Ines Segert, one of two board members voting against the deal, said she didn’t dislike the concept but wanted to see details of the agreement before giving her blessing. In particular, Segert wanted to see the formula for distributing the revenue to the various sports programs.
Whitesides said the plan they’ve come up with for distributing advertising revenue throughout the athletic departments breaks down this way: For every dollar received from advertisers, the first 50 cents will be distributed equally, cent by cent, to all 39 high school sports entities at Rock Bridge and Hickman. Higher-revenue sports, such as football, on down to low-revenue sports, such as cross-county running, will each get an equitable share. The second 50 cents will be prorated according to the percentage allotted to each sport in the district budget.
Renee John, a club representative for the Rock Bridge boys swimming and diving team, has mixed feelings about the deal. On one hand, she’s skeptical of the booster clubs assuming a smaller role in fundraising.
“I guess I like to stay in control of things rather than depend on someone else, an outside person or company,” she said. “If individuals are eliminated somewhat from going out and raising funds, I worry about becoming less involved.”

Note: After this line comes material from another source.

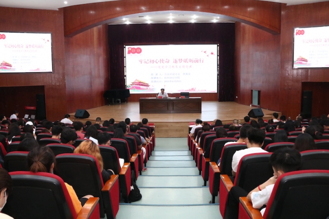 李喜安以“牢记初心使命 逐梦砥砺前行”为主题,围绕党史学习“为什么学”“学什么”“怎么学”三个方面为万象城师生作了一场精彩的报告,上了一堂生动的党课。他从“为什么学”的层面,深刻阐释了党史学习教育的重大意义,以史鉴今资政育人,党史学习教育是凝心聚能的不竭动力;汲取营养涵养当下,党史学习教育是干事创业的的溯口源头;辨明荣辱认清兴衰,党史学习教育是永葆共产党政治本色的坚强堡垒。他从“学什么”的层面,系统梳理了党在不同时期孕育出的精神族谱,通过翔实的数据、鲜活的事例,深入讲述了党的光辉历程中造就的精神谱系,激励广大党员赓续红色血脉,永葆初心本色。他还从“怎么学”的层面,明确指出了开展党史学习教育的方法路径,聚焦党史学习教育16字目标,原原本本学习领会,争当学史悟思的排头兵、增信崇德的排头兵、为民办事的排头兵、勇开新局的排头兵;围绕立德树人根本任务,认认真真育人铸魂,协同推进课程育人、文化育人、践行育人,要用知识体系教、用价值体系育、用创新体系做,构建全方位育人大格局;立足学校发展实际,孜孜不倦创新服务,领先担责,创新创造,敢闯敢拼,切实将学院科技成果及时转化运用到社会建设中去,培养出更多的创新应用型人才。

However, she added, “from a business standpoint, you have so many people knocking on the doors of these businesses for donations. It sounds like this deal could eliminate some of the door-knocking and legwork, so I could see the benefits.”
John thinks the proposed division of ad revenue funds throughout district sports programs could benefit smaller athletic programs.
“It might be able to help all the other teams, especially the little guys, and give other kids an opportunity to play others sports,” she said.
Whitesides anticipates the agreement between KSP and the district, with a single umbrella entity, will help revenue trickle down into all sports.
“Everybody gets a piece of the pie,” Whitesides said. “I’m excited about this program because it touches all the sports and all schools. I think it’s an easy acceptance that the community can get behind because it will benefit every sport, at every level.”